See if your guess is right:
Howard County:
Below -- 5 months
Above -- 15 months
--
Baltimore County:
Below -- 8 months
Above -- 24 months
--
Anne Arundel County:
Below -- 8 months
Above -- 26 months
--
Harford County:
Below -- 9 months
Above -- 36 months
--
Carroll County:
Below -- 10 months
Above -- 37 months
--
Baltimore City:
Below -- 12 months
Above -- 24 months
--
Howard County has the smallest months of supply for both categories, though it's still a lot lower for the below-$560 homes than the ones above. (With five months of supply, the county probably doesn't feel like a buyer's market in the below-$560,000 range.)
Baltimore City has the largest months-supply figure for the lower-price category, but its above-$560 situation is a heck of a lot better than Carroll or Harford's. In those two counties, the queue of homes in the pricier category would last three years -- years -- at the current pace of sales.

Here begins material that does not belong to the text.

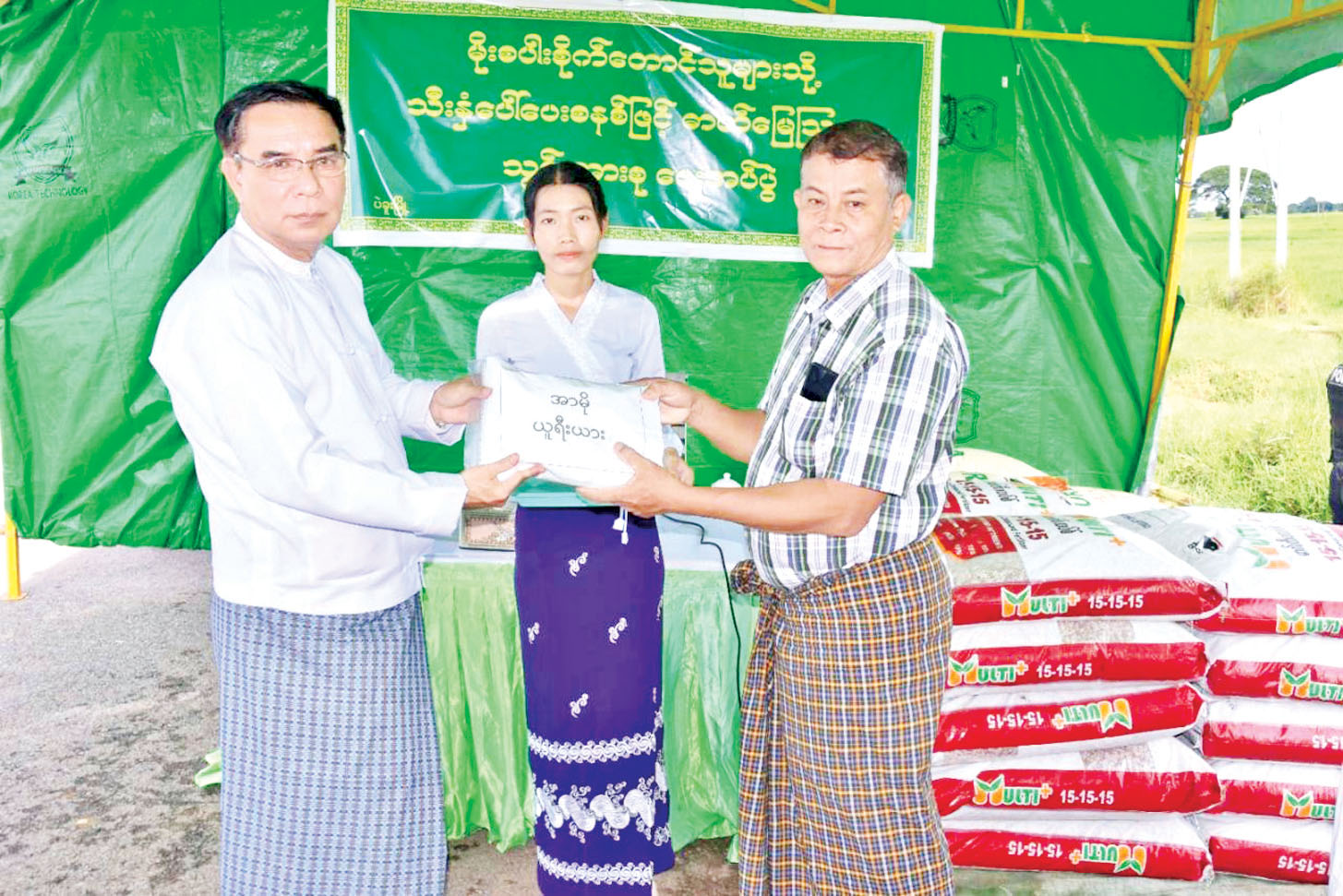 ပဲခူးမြို့ ကတွင်းခြံကျေးရွာအုပ်စု၌ စက်တင်ဘာ ၅ ရက်က ပဲခူးမြို့နယ်ရှိ မိုးစပါးစိုက်တောင်သူများသို့ သီးနှံပေါ်ပေးစနစ်ဖြင့် ဈေးနှုန်းသက်သာသော ဓာတ်မြေဩဇာများ ပေးအပ်ခြင်းအခမ်းအနားကို ကျင်းပသည်။

"Other than Howard County, all of the Baltimore metro subdivisions appear to have a severe glut of houses priced over $560K," Landers noted.







Comments
The fix for this problem is so simple - houses priced above the jumbo line just need to move the price below it!!
Posted by: Darwin Rules | June 14, 2010 11:59 AM
Jamie-
I would like to know how these numbers look if you use a different dollar amt, say 400k or even 350k. Based on what i am seeing. Almost nohting sells above 350k. That will skew the numbers even worse as it should. When we were growing up, the people that had 300k homes were the rich people. Guess what? They still are.
Posted by: elwood | June 16, 2010 3:34 PM
Elwood, I've done that analysis before and I can do it again. I'll put it on my to-do list. Thanks for the suggestion.